Amir Fatah bernama lengkap Amir Fatah Wijaya Kusum,
adalah salah satu pemimpin Hizbullah Fisabilillah di daerah Besuki,
Jawa Timur sebelum bergolaknya pemberontakan DI/TII
Katosuwiryo. Melalui operasi yang dilakukan oleh TNI untuk
sementara waktu kekuatan mereka melemah tetapi akibat ada
pembelot, kekuatan DI/TII Amir Fatah kembali kuat. Pada akhirnya
pasukan Amir Fatah dapat ditaklukan di perbatasan Pekalongan-
Banyumas.
BAB III
PENUTUP

A. Kesimpulan
Adapun kesimpulan yang dapat ditarik dalam pembahasan ini
adalah sebagai berikut:
1. Eksistensi ulama dalam masyarakat sebelum kehadiran Belanda
ke Aceh adalah sangat besar. Artinya, ulama tidak hanya
dipandang sebagai orang yang memiliki ilmu keagamaan
semata, melainkan juga dianggap orang yang mampu
menguasai adat istiadat serta pengetahuan lainnya.

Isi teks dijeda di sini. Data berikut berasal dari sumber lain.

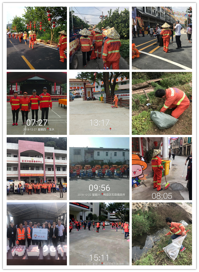 不仅如此,2018年,公司高标准、高质量完成了政府举办的各类颇具影响力的社会活动和国家盛事(例如《首届中国农民丰收节》全国六大分会场之一的梅州会场、《中国乡村复兴论坛》梅县峰会、《美丽梅州·美好家园》城乡环境大提升、《玉水厨师节》等)的环卫保卫战的艰巨任务,通过全体同仁的通力合作、精诚奉献,夺取了各大盛事环卫保卫战的全面胜利,取得了各级党委政府的一致好评与首肯!
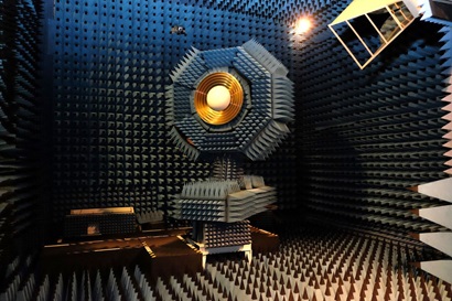 Shielded far-field anechoic chamber: Frequency range 1 to 200 GHz, dimensions 10m x 6m x 4.5m. Positioner axes available are: source height and polarisation, source to antenna-under-test (AUT) distance, AUT azimuth, elevation, polarisation, axial and transverse location.
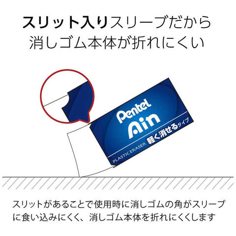 〈軽く消せるタイプ〉少ない消しくずで机を汚さず、軽い力で楽に消せます。
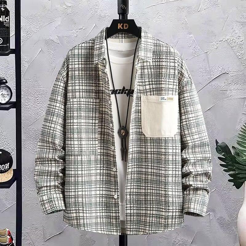 Camisa de herramientas de nuevo estilo primavera y otoño 2024 para hombre, de manga larga, estilo coreano, holgada, con bolsillos, chaqueta informal que combina con todo.
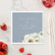 These romantic floral napkins feature an elegant dusty blue background with watercolor ranunculus flowers. A delicate bouquet of ranunculus and greenery is pictured on the bottom. Sample names of a newlywed couple and wedding date are printed above. You can personalise the napkins to include your own custom names or text.
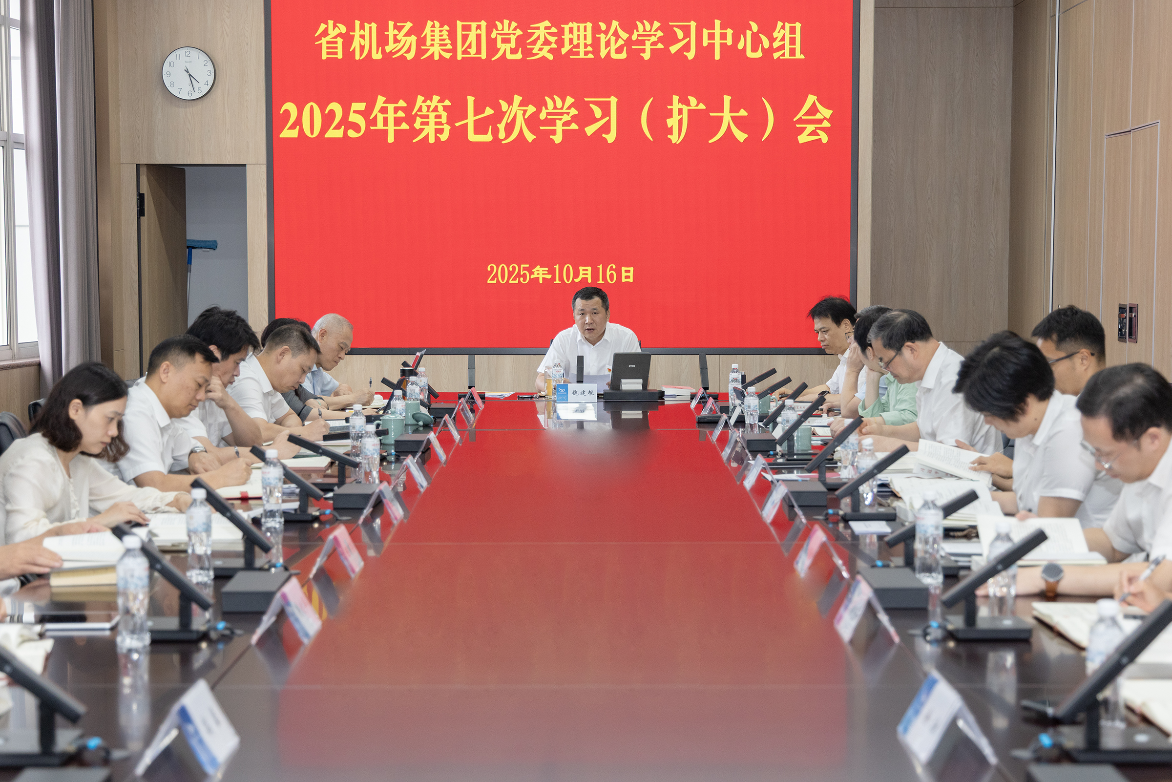 10月16日下午,省机场集团党委理论学习中心组召开2025年第七次学习(扩大)会,集中学习《习近平谈治国理政》第五卷。集团党委书记、董事长魏建根主持会议并讲话,集团党委委员蒋福敏、集团副总经理葛建娟作交流发言。集团党委班子成员参加会议。
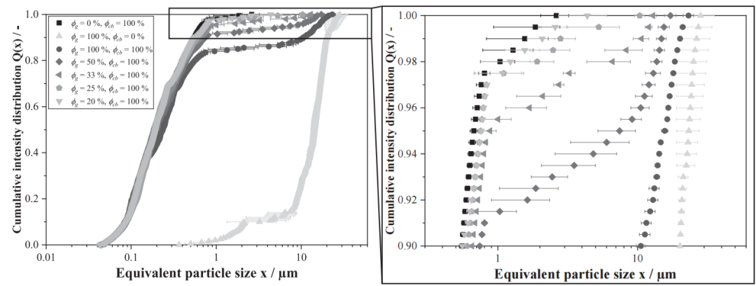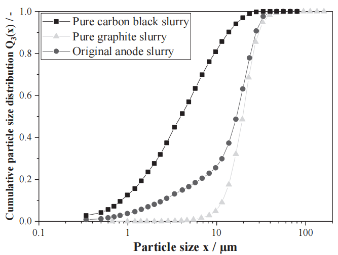 1)图7显示了原始负极浆料、纯炭黑浆料和纯石墨浆料的体积加权累积粒度分布 Q?(x)。石墨颗粒的平均粒径 X50,3为21.2μm,分布较窄(Span值为0.9);炭黑颗粒的平均粒径X50,3为4.4μm,分布较宽(Span值为3.2)。石墨颗粒主要分布在较粗的粒径范围,炭黑颗粒主要在较细的粒径范围,两者仅在约 7~23μm范围内有重叠,原始浆料呈现双峰分布,这表明激光衍射法可根据粒度差异估算两者在水性浆料中的比例。
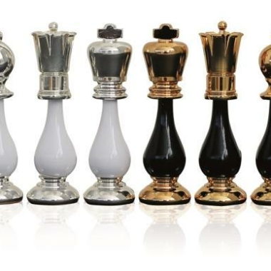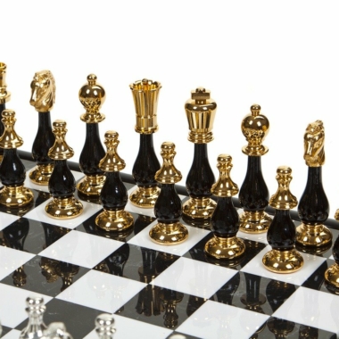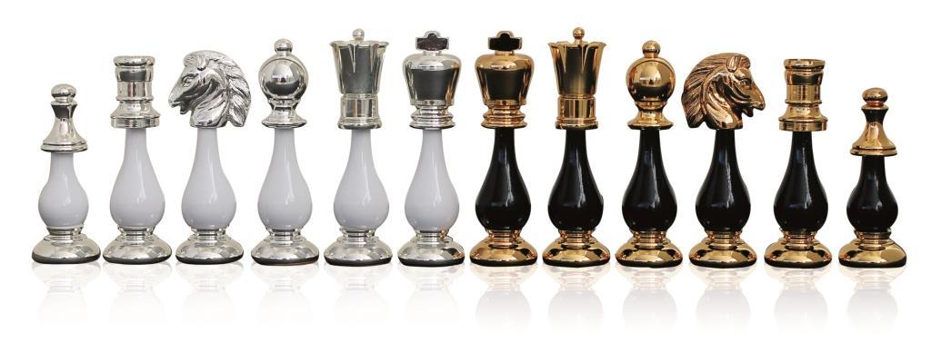 Die schwarzen und weißen Schachfiguren sind vollständig handgeschnitzt, poliert und gewichtet. Sie profitieren von einer 24-karätigen Gold- und Silberbeschichtung.
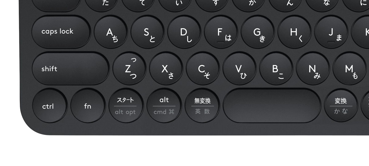 最下段は左から [ctrl] [fn] [スタート/alt opt] [alt/cmd ⌘] [無変換/英数] [スペース]… となっている。Macの場合は左ふたつは使わず、Windowの場合はフルに使う形になる。このように、どのOSであろうが、キーが足りないということにならないのはありがたい
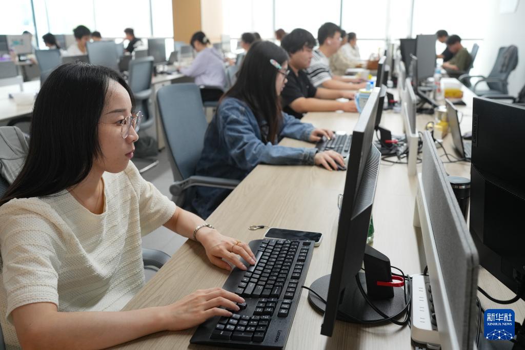 9月23日,工作人员在数据审核区审核采集的机器人作业数据。
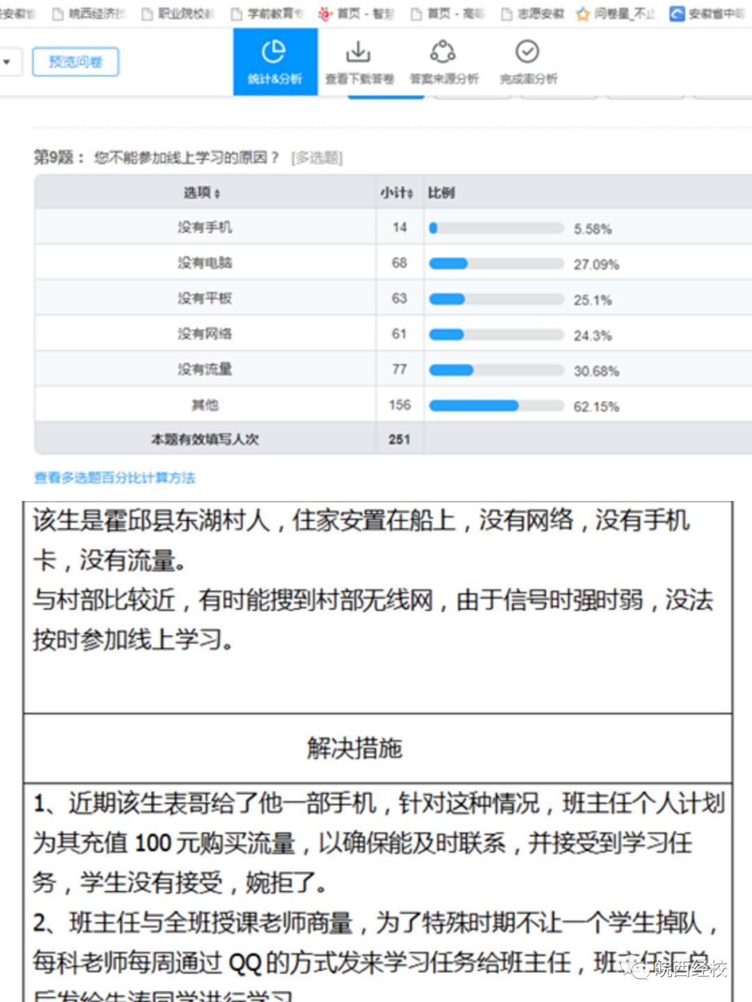 尤其是对于不具备线上学习条件的同学,学校逐一摸底,采取帮扶措施,由原来56位同学欠缺网络学习条件,在学校的帮扶下,最后只有一位同学,由于家庭客观原因,不能按时参加网络学习,学校也制定了一人一案,争取一个不掉队。

2. Keterlibatan ulama sangat besar, artinya terhadap kondisi sosial
dan politik di Aceh. Secara politis, sejak awal kemerdekaan
ulama Aceh sudah memegang peran yang sangat strategis,
seperti yang di lakukan oleh TGK. Muhammad Daud Beureueh
dalam memperjuangkan status daerah Istimewa bagi Aceh.
3. Pengaruh keterlibatan ulama Aceh dalam kancah politik adalah
dapat menjadi pelopor dalam menyuarakan aspirasi masyarkat
Aceh (umat islam). Ulama juga ikut berperan dalam menggagas
perdamaian di Aceh, seperti halnya dalam penyelesaian DI/TII
dan juga ikut pro aktif dalam mengupayakan perundingan
Helsinki, yaitu perundingan antara pemerintah RI dengan GAM.

B. Saran
1. Diharapkan kepada para pembaca kiranya dapat mengambil suri
tauladan dari perjuangan para ulama Aceh dalam menyuarakan
aspirasi umat islam, serta turut pro aktif dalam menggagas
perdamaian di Aceh.
2. Diharapkan kepada para guru dan calon guru sejarah dapat lebih
giat berupaya untukmenanamkan semangat kebangsaan cinta
tanah air. Upaya ini dapat memperkokoh persatuan bangsa.